From Iceland — Don’t Fuck With Sudden Weather Change

Don’t Fuck With Sudden Weather Change

Published October 18, 2011

Don’t Fuck With Sudden Weather Change

Love them or hate them, Sudden Weather Change have always been uncompromising in doing whatever they please and letting the rest follow suit. This don’t-give-a-shit attitude has gotten them a loyal fanbase, a fancy Iceland Music Award and tons of sex. Nei, djók! Now working with Ben Frost on their sophomore album, we sat down with bassist Bergur Thomas Anderson, guitarist Loji Höskuldsson and co-producer Þorbjörn (Þobbi) G. Kolbrúnarson to get the skinny on their skinny-jeaned sounds.

So what are you guys up to these days?
L: We are finishing our second album, doing overdubs.
B: We’ve been working on it since July. We went in the studio then to do all the bass and drum tracks and now we’re in the midst of doing guitars and starting vocals.

You’ve been working with Ben Frost. How has that been and has he influenced your sound at all?
L: It’s been great. I think he is perfect for us.
B: He has given us some advice on the way we play on the songs we came to him with. He has mostly taught us about extra dynamics and how to sharpen a lot of the songs, because of course, when we arrived in the studio; they were just a week old.
L: I think his [pointing to Þobbi] role in the project is more important.

What’s been your role, Þobbi?
Þ: I’m producing them as well. I was working with them before helping them arrange the songs and making them do it properly, and now I’m working with them on all the overdubs and extra arrangements. We’re kind of two producers on this and both of us are bringing our own voice to the album.

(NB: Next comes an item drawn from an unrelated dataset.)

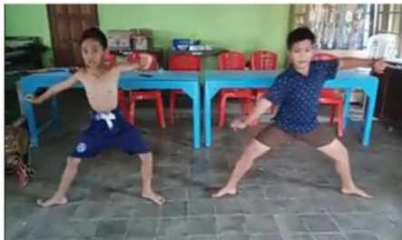
Figure 7. Rafka and Putra are practicing

groups of dancers in Facebook are Pecinta Seni Budaya Area Banyubiru (Banyubiru Art Appreciation Group). For this research, Reog'r has already had 78.1 thousand followers in Indonesia.

Do you each hold a specific role within the band? What role does each of you play?
L: Yeah, I think so. Bergur is the bass player and I’m the funny guy. [Everyone laughs.] Þobbi is working with our drummer, Oddur, a lot on this album. I think Oddur is taking a huge step on this album. He’s doing some stuff that he wasn’t doing before and a lot of time went into trying to do something new with the drums and inspiring him.

How long have you guys all known each other? Did you guys always want to start a band together or did that develop over the course of your friendship?
B: Since menntaskóli [high school].
L: We knew Þobbi then too, he was at a different menntaskóli and then we all became good friends in university, at the Academy of Arts. Bergur was in an all-star band in Breiðholt.
B: Yeah, it was called Big Kahuna and it was me, Albert from Swords of Chaos and The Heavy Experience and Jón Valur from Who Knew. Stefnir from Lada Sport was in it for a while too. And then… we quit.
L: Dagur, Oddur and I were making music together but we were horrible. We sucked. We were really bad, but…
B: You were in another band and then we met at school and we started another band that had ten members or something? Then the remains of that group became this group.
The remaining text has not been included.